8. The casting system of claim 5, wherein the set of nozzles includes at least two nozzles.

9. The casting system of claim 5, further comprising a mold for receiving the molten metal, wherein the mold comprises one or more mold walls and a bottom block lowerable to support a solidifying ingot.

10. A method, comprising:

delivering molten metal from a metal source to a metal sump through a feed tube, wherein the molten metal generates one or more jets of molten metal within the metal sump upon exiting the feed tube, wherein each of the one or more jets of molten metal has a Reynolds number, and wherein a sum of the Reynolds numbers of each of the one or more jets of molten metal is at least 14,000.

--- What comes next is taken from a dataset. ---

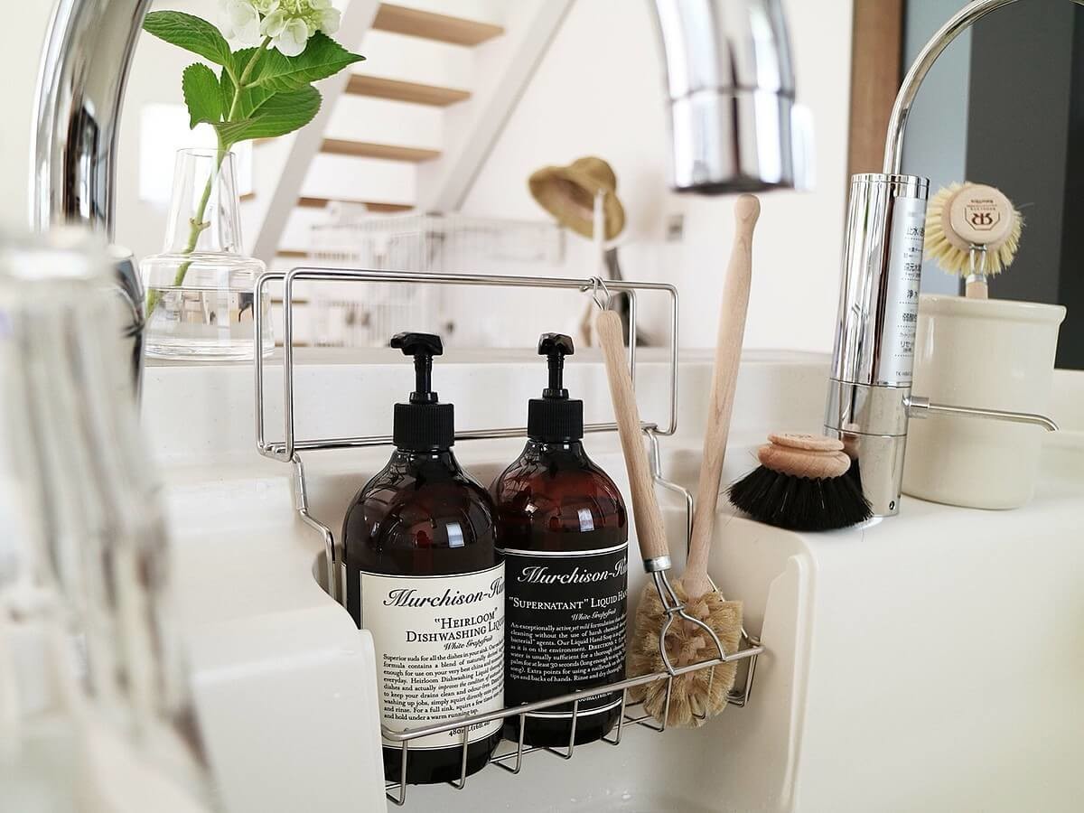 シンクには、おしゃれなフォルムのマチーソンヒュームのハンドソープと、ディッシュソープを。

11. The method of claim 10, wherein the sum of the Reynolds numbers of each of the one or more jets of molten metal is at least 64,000.

12. The method of claim 10, wherein the sum of the Reynolds numbers of each of the one or more jets of molten metal is at least 15000, 16000, 17000, 18000, 19000, 20000, 21000, 22000, 23000, 24000, 25000, 26000, 27000, 28000, 29000, 30000, 31000, 32000, 33000, 34000, 35000, 36000, 37000, 38000, 39000, 40000, 41000, 42000, 43000, 44000, 45000, 46000, 47000, 48000, 49000, 50000, 51000, 52000, 53000, 54000, 55000, 56000, 57000, 58000, 59000, 60000, 61000, 62000, or 63000.

13. The method of claim 10, further comprising solidifying the molten metal into an ingot using a mold comprising one or more mold walls and a bottom block lowerable to support the solidifying ingot.

14. A metal product cast according to the method of claim 10.

15. The metal product of claim 14, wherein an average grain size of the metal product is at or below approximately 130 μm.

16. The metal product of claim 14, wherein an average grain size of the metal product is at or below approximately 129 μm, 128 μm, 127 μm, 126 μm, 125 μm, 124 μm, 123 μm, 122 μm, 121 μm, 120 μm, 119 μm, 118 μm, 117 μm, 116 μm, 115 μm, 114 μm, 113 μm, 112 μm, 111 μm, 110 μm, 109 μm, 108 μm, 107 μm, 106 μm, 105 μm, 104 μm, 103 μm, 102 μm, 101 μm, or 100 μm.

17. The metal product of claim 14, wherein a maximum grain size of the metal product is at or below approximately 250 μm.

18. The metal product of claim 14, wherein a maximum grain size of the metal product is at or below approximately 245 μm, 240 μm, 235 μm, 230 μm, 225 μm, 220 μm, 215 μm, 210 μm, 205 μm, 200 μm, 195 μm, 190 μm, 185 μm, 180 μm, 175 μm, 170 μm, 165 μm, 160 μm, 155 μm, 150 μm, 145 μm, 140 μm, 135 μm, or 130 μm.

19. The metal product of claim 14, wherein a grain size spread of the metal product is at or below approximately 130 μm.

20. The metal product of claim 14, wherein a grain size spread of the metal product is at or below approximately 125 μm, 120 μm, 115 μm, 110 μm, 105 μm, 100 μm, 95 μm, 90 μm, 85 μm, 80 μm, 75 μm, 70 μm, 65 μm, 60 μm, or 55 μm.